Fortunately for us, Dave Covington of Covingtons Cycle City in Woodward, Oklahoma, remembered the allure of his turquoise wax stick in transforming faithful customer Wenton Walker’s 2011 Road Glide into a downright sexy showcase of his complement of parts, accessories, and creativity. Specifically, Pro Auto Body, also of Woodward, tailored the skintight dress of candy PPG turquoise paint that clothes this Harley hottie. Brian Loker added more sensuality by graphically cutting seductive slits in the saddlebags, gas tank, and fairing, teasing a sexy chemise underneath. You could think of her as a Hollywood debutante showing a little skin on the red carpet to coax her way onto a few best-dressed lists. The 26-inch Covingtons Spyder wheel up front serves as the buxom rack on this voluptuous vixen. Adding to the diva attitude is the Sinister Up Yours 2-into-1 exhaust jutting out from the 103ci Stage 4 engine, as if to flip the bird to onlookers while sneering, “Hey, buddy, eyes up here!” True enough, this jezebel begs to be gawked at—your tongue hanging out like Gregory Hines’ eunuch in History of the World: Part I.

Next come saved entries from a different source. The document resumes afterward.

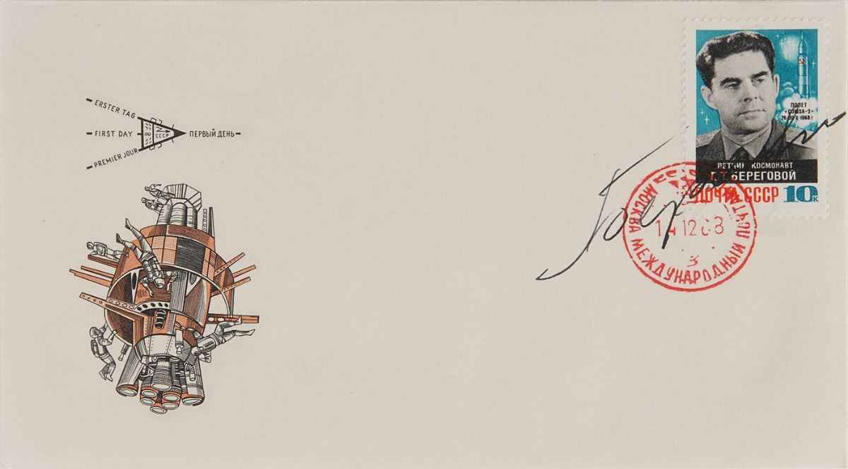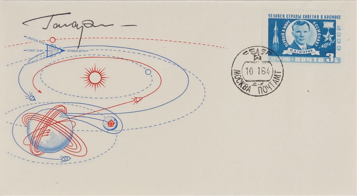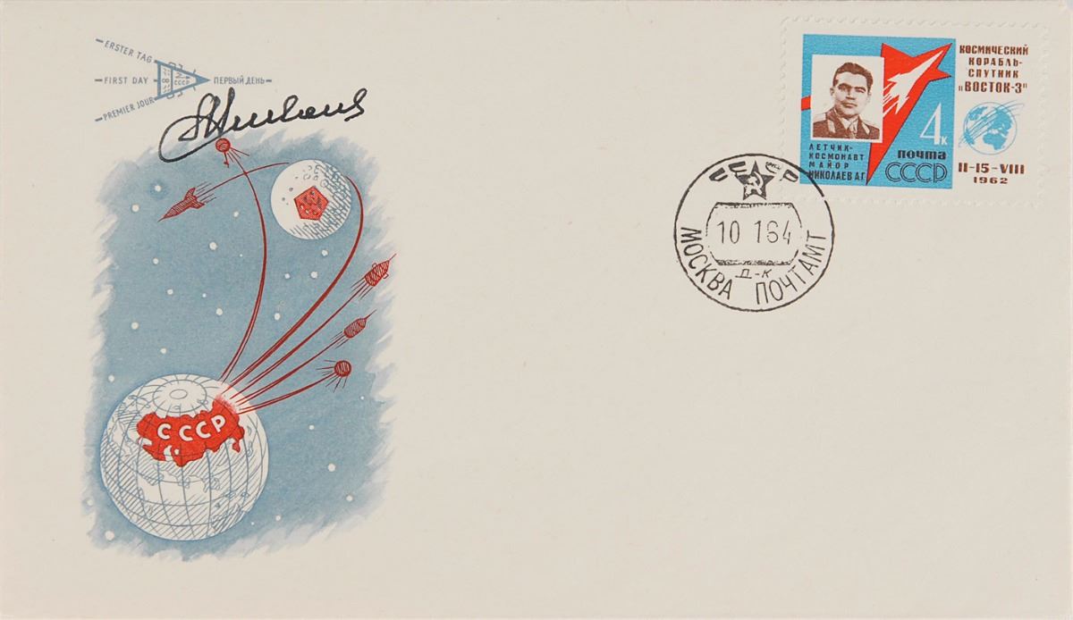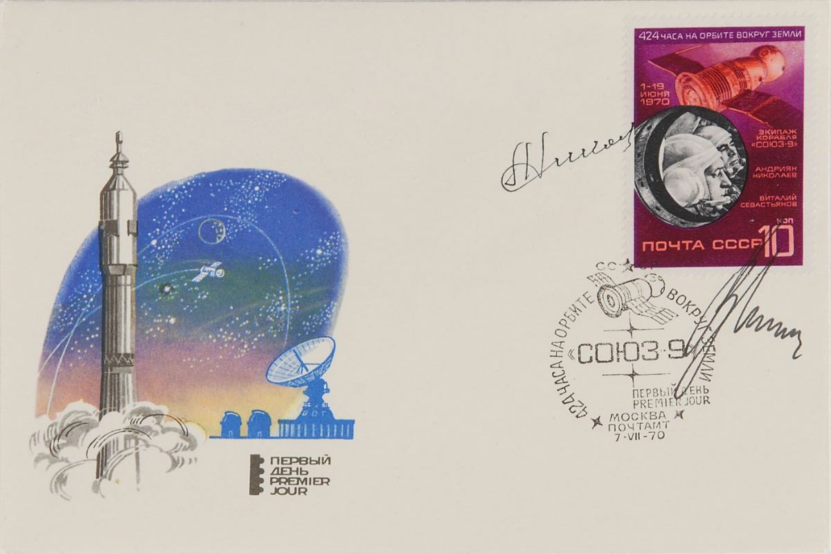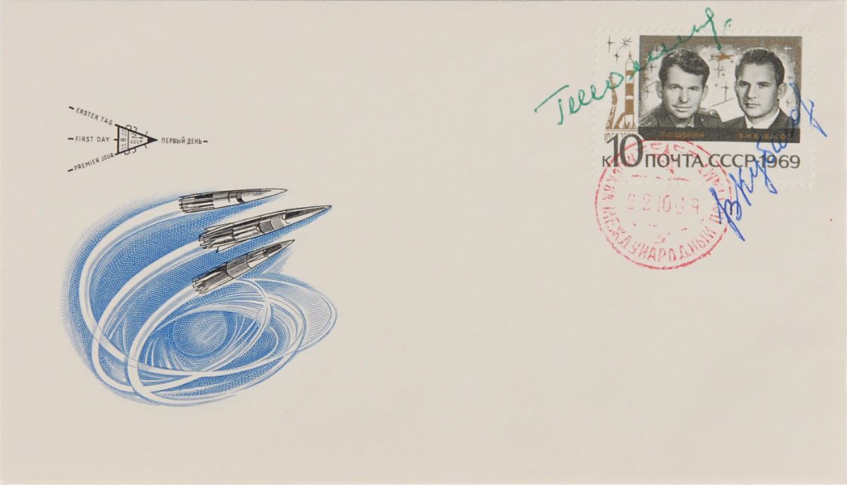 Set of fourteen KNIGA covers with cachets commemorating Russian space achievements, each signed in ink by at least one cosmonaut, including: Yuri Gagarin; Valentina Tereshkova; Valery Bykovsky; Pavel Popovich; Andriyan Nikolayev; Gherman Titov; Georgi Shonin and Valeri Kubasov; Anatoly Filipchenko, Vladislav Volkov, and Viktor Gorbatko; Vladimir Shatalov and Aleksei Yeliseyev; Yevgeny Khrunov, Vladimir Shatalov, Aleksei Yeliseyev, and Boris Volynov; Georgy Beregovoy; Pavel Belyayev and Alexei Leonov; Vladimir Komarov, Konstantin Feoktistov, and Boris Yegorov; and Andriyan Nikolayev and Vitaly Sevastyanov. In overall fine condition.
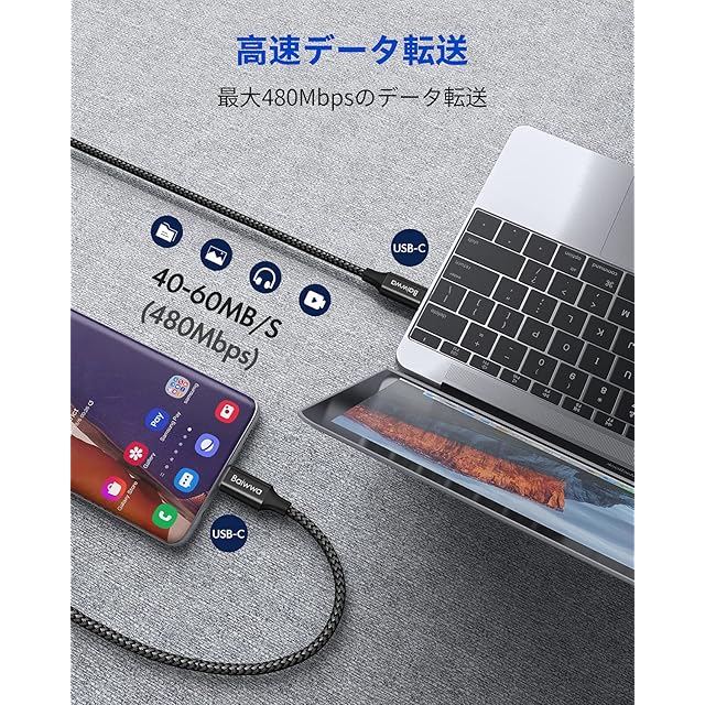 【最大60WのPD対応急速充電】このtype-c pd ケーブルはUSB PD(Power-Delivery)対応にし、最大60Wまで電力を供給可能、充電時間を大幅に短縮できます。USB2.0基準で最大伝送速度480 Mbps実現がが可能です。(*注:この製品はビデオ出力をサポートしていません。)
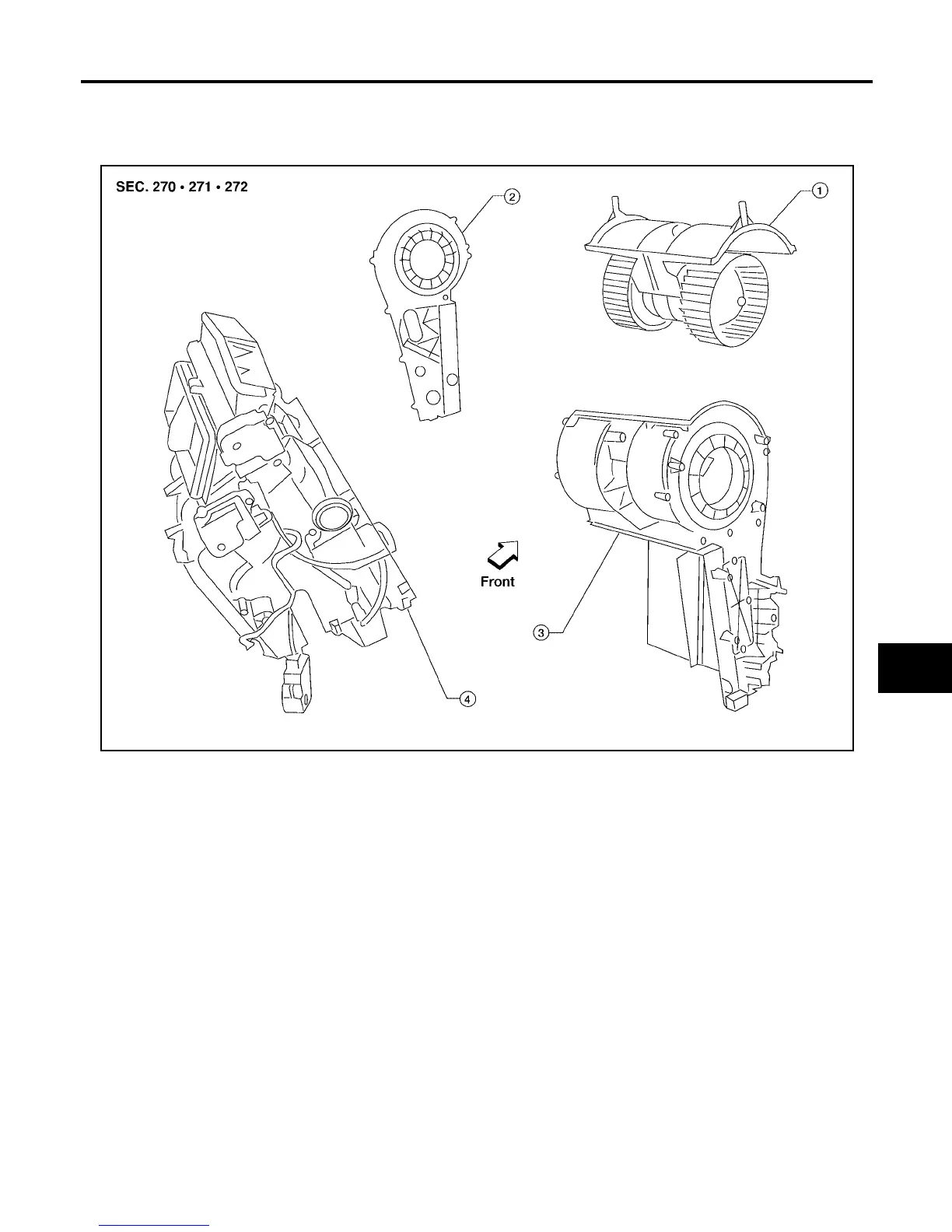 1. Front blower motor 2. Blower motor side cover 3. Blower motor case
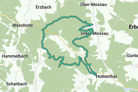 Een heuvelachtige route door het Mossautal. Weinig kans dat u langs deze route veel auto's ziet. Deze tour is zeker niet overal vlak. Ontdek de regio langs onverharde paden. Er zijn niet overdreven veel horecagelegenheden waar u iets kunt drinken, maar er zijn er enkele. Kijk goed om u heen. Anders mist u enkele parels langs deze route.
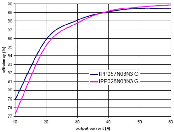 圖8表明了在實際應用中,不同MOSFET RDS(on) 值范圍的影響。圖中所示為在服務器電源中分別測得的IPP028N08N3 G和IPP057N08N3 G的值。
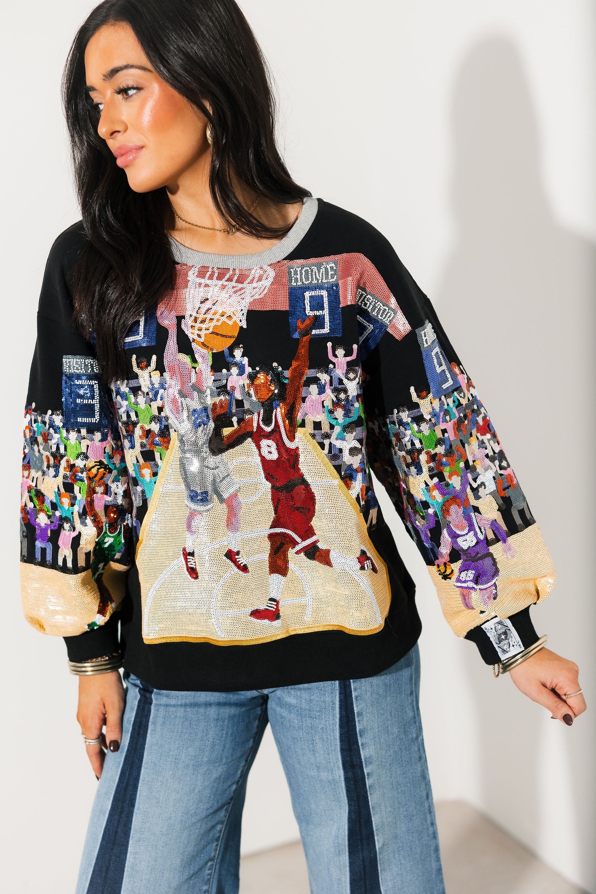Black Basketball Court Scene Sweatshirt | Queen Of Sparkles
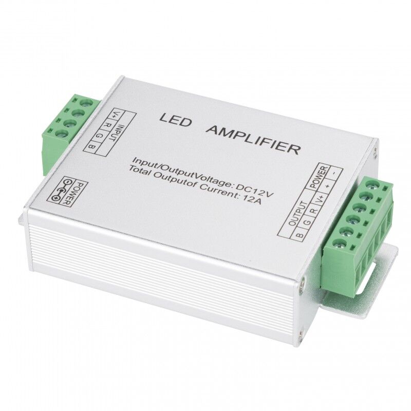L'amplificatore RGB 12VDC consente di condizionare il segnale lungo la lunghezza della striscia LED, consentendo all'intensità che attraversa la striscia di rimanere stabile e senza alcuna caduta per tutta la sua lunghezza. Ha un ingresso e un'uscita per adattare le due sezioni di strip LED e 2 uscite per l'alimentazione desiderata. Tra le caratteristiche tecniche dell'amplificatore spiccano le seguenti: strong> Funzione di protezione della polarità dell'ingresso. Controlla fino a 15 metri di strisce LED o altro tipo di dispositivo LED dimmerabile. Multilivello con protezione polarità ingresso alimentazione. 2 tasti per ingresso/uscita segnale e 2 per uscita potenza. Resistente alle interferenze radio. ul> Codice Prodotto: KDAMPRGB12V Materiali: ABS Altre Informazioni: Istruzioni dettagliate nella scheda "Documenti". Valutazione IP: IP25 Voltaggio: 12VDC Certificazioni: CE,RoHS, ISO9001 Frequenza (Hz): 50/ 60 Intervallo di Temperatura (°C): -20 +60 Peso (Gr): 70
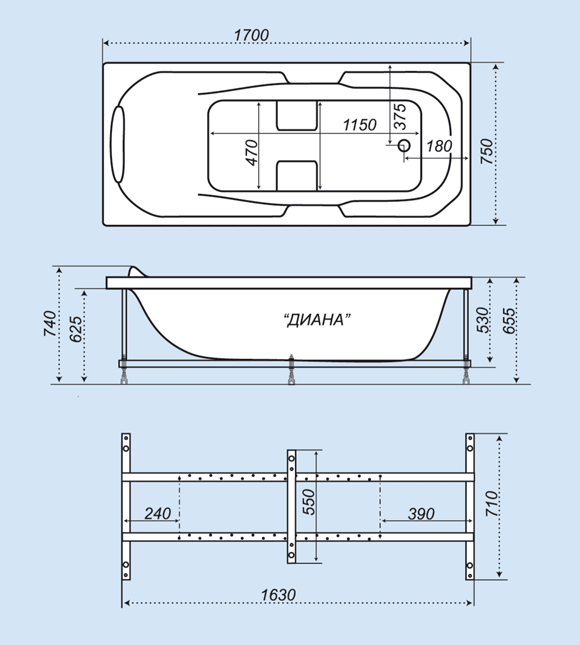 Акриловая ванна Тритон Диана (170х75) фото 4
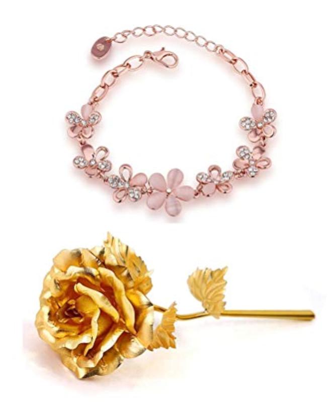 This elegant jewellery combo is the perfect gift for Valentine's Day. It includes a plated rose flower and a stylish bracelet, ideal for girls and women.
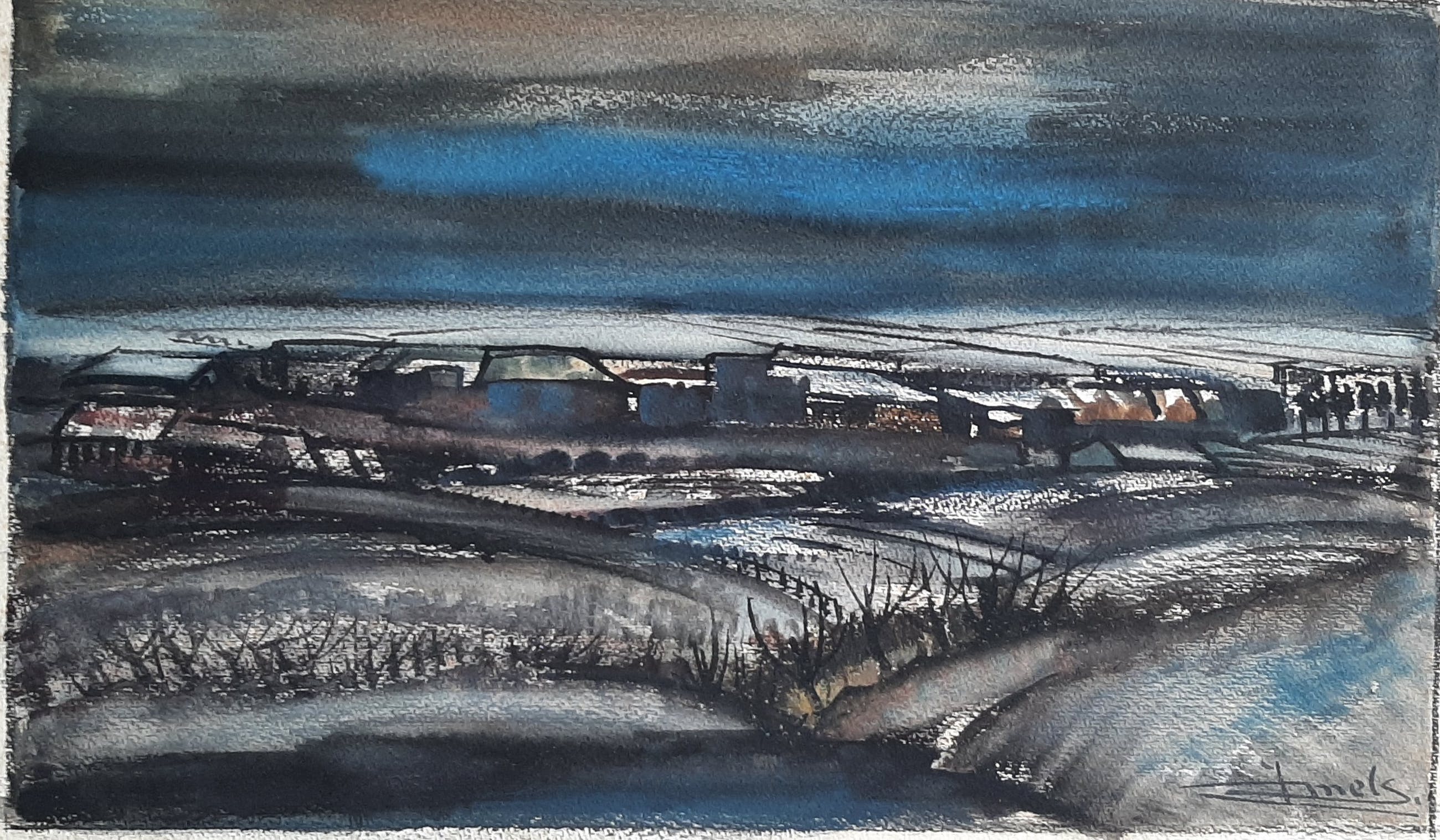 Afmetingen: Aquarel: 34,5 x 57,5 cm Papierformaat: 56 x 77,5 cm
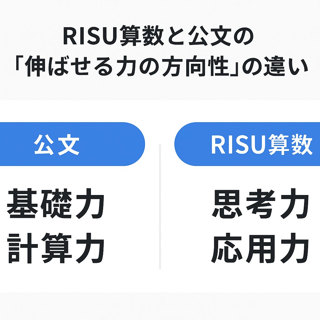 つまり、計算力に特化して「基礎力・計算力」に強みを発揮するのが「公文」、幅広い算数力をバランスよく伸ばし「思考力・応用力」を高めるのが「RISU算数」と整理できます。

“Every year we try to build one or two bikes to show all our parts and what we do,” Dave explains. “We’ll do one pretty radical, super-nice bike to take around to Daytona, Sturgis, Texas, and anywhere else we go.”
Sometimes when you use those less popular, pointed crayons—the “radical” Dave looks to showcase—you are more likely to get noticed. And for your boldness, sometimes the teacher rewards you with a gold star and pins your drawing to the top of the class billboard. With a healthy dose of meticulously crafted, dimpled Covingtons parts and just a dash of that slept-on turquoise, Dave built a real head-turner. Yet he recollects its construction quite matter-of-factly: “It’s a slick bike. Dude rides it all the time. He takes it to every show, and he goes to all of them. It’s cool to have him own our bikes because they get seen for sure.”
Valued just north of $70,000 (by Dave’s estimation), Covingtons’ turquoise starlet commands attention on the rally circuit like Scarlett Johansson in a plunging neckline dress at her latest Tinseltown premiere. Amidst the hundreds, if not thousands, of bikes on display at any given rally, Dave didn’t just stick his black crayon back in the sharpener for another go; no, he brought sexy back.